More than half of the sample (55%) used both NHS and private facilities for the diagnosis. 23% used exclusively public facilities, while 22% used exclusively private facilities. (Figure 1C). With regard to the course of treatment, the sample appears to be more evenly distributed among those who used both public and private facilities (39%), those who relied exclusively on public care (30%), and those who used only private providers (31%). (Figure 1D).

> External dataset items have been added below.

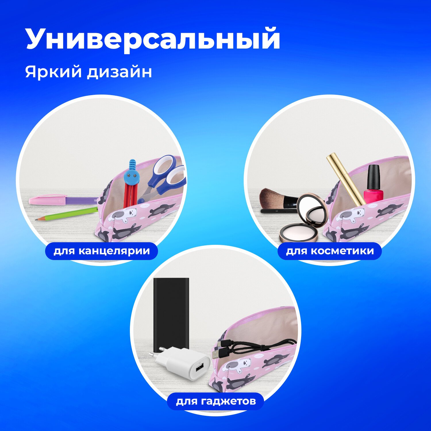 Пенал-косметичка BRAUBERG овальный, полиэстер, "Pink", 22х9х5 см, 229270
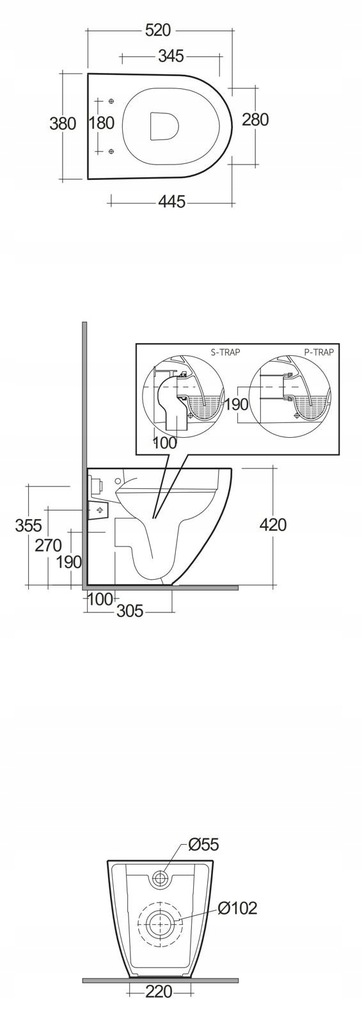 Zestaw DES Miska WC stojąca 52 Rimless i Deska WC
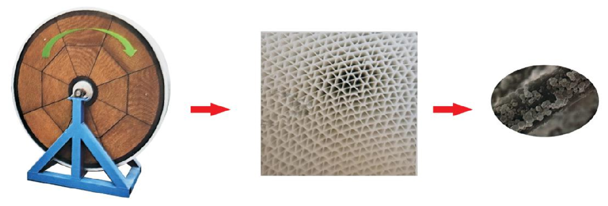 沸石轉輪吸附裝置是將高疏水性,耐高溫分子篩負載在蜂窩狀多孔纖維載體上制備而成的一種轉輪吸附濃縮設備。

The reasons why private facilities were chosen were also investigated, with most of the sample (62% for both diagnosis and therapy) reporting that public services for TS/TD were not available in their region. Other reasons are reported in Figures 3A, B. Table 2 presents data on how participants perceive the availability and clarity of information regarding the diagnostic and therapeutic process for TS/TD. The lack of clarity in available information is a major concern, despite caregivers reporting easier access to information than youths and adult participants with TS/TD (p= .042, OR: 0.37). The quality of the diagnostic and therapeutic process was perceived as moderate, with no significant difference emerging based on whether it was performed in a private or public setting (Table 2).

Figure 3

Figure 3. In this figure are showed all the reasons why our patients choose private facilities instead of public services.

Table 2

Table 2. Responses about the availability of information regarding the therapeutic-diagnostic process for Tourette syndrome and other tic disorders.

Additionally, adult patients were asked to rate the perceived difficulty of the transition from pediatric to adult care services. This transition was perceived as difficult by the majority of them (68.7%).

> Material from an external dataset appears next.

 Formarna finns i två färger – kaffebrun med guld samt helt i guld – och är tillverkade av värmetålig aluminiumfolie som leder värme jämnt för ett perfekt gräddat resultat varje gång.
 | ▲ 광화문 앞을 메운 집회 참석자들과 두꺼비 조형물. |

3.3 Lifetime therapeutic interventions

In our sample, pharmacological therapy was the most commonly received treatment, with over half of the total sample currently under treatment (53%), and an even higher percentage having received it in the past (63%). Currently, psychotherapy is more commonly received by children and early adolescents (50%) compared to youth and adults (25.6%) (p = .037). However, a similar percentage of youth/adults (50%) and children/adolescents (53.8%) had undergone psychotherapy at some point in their lives. Habit-reversal training (HRT) was relatively uncommon, with only 7% of the total sample currently receiving it. A higher percentage of children and early adolescents (24%) had received HRT in the past compared to youth and adults (14.8%). No participant reported ever having been subjected to Exposure-Prevention Therapy (EPT), either currently or in the past (Table 3).

Table 3

Table 3. Type of therapeutic interventions in the sample.

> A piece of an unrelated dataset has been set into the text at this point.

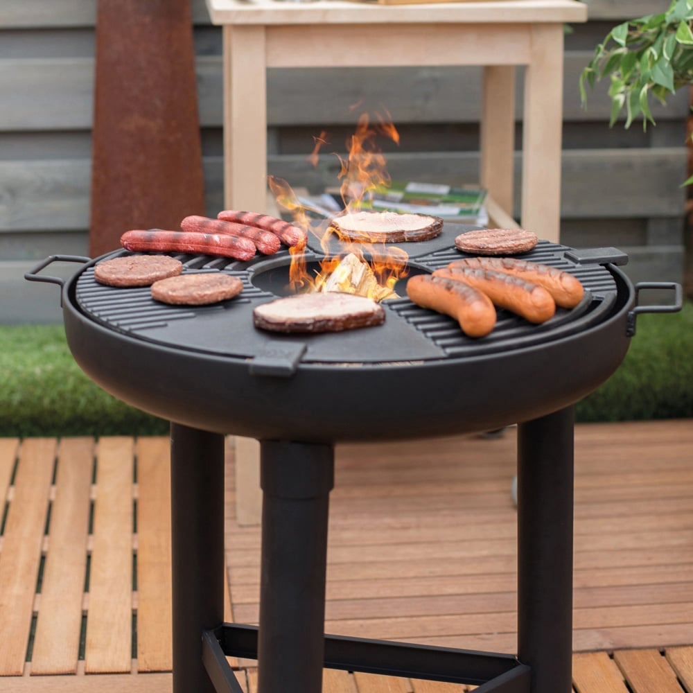 Enjoy long summer nights with the Palau party grill, a stylish and practical alternative to a traditional barbecue. This contemporary firepit is perfect for creating a warm and inviting atmosphere, and its versatile design makes it ideal for both cooking and relaxing. The removable cast iron plancha cooking ring (14kg) lets you prepare delicious teppanyaki meals, while the sturdy steel construction with a heat-resistant black powder coating ensures durability. After your meal, simply remove the ring and enjoy the warmth of the fire. Measuring 60 x 72 x 68cm, the Palau is the perfect addition to any backyard gathering. The plancha ring is made from sustainable cast iron.

3.4 Impact on functioning and quality of life

The principal features of tics are described in Table 4, showing no significant differences among the age groups. Tic symptoms significantly impacted the QoL across social, school, and work functioning, with similar effects across all ages, while sentimental life was less affected. The impact of comorbidities on QoL - despite being equally distributed between the age groups - was significantly more relevant than impact of tics on functioning (p= .004, Cohen’s d=0.3).

Table 4

Table 4. Characteristics of tics and impact on Quality of Life (QoL).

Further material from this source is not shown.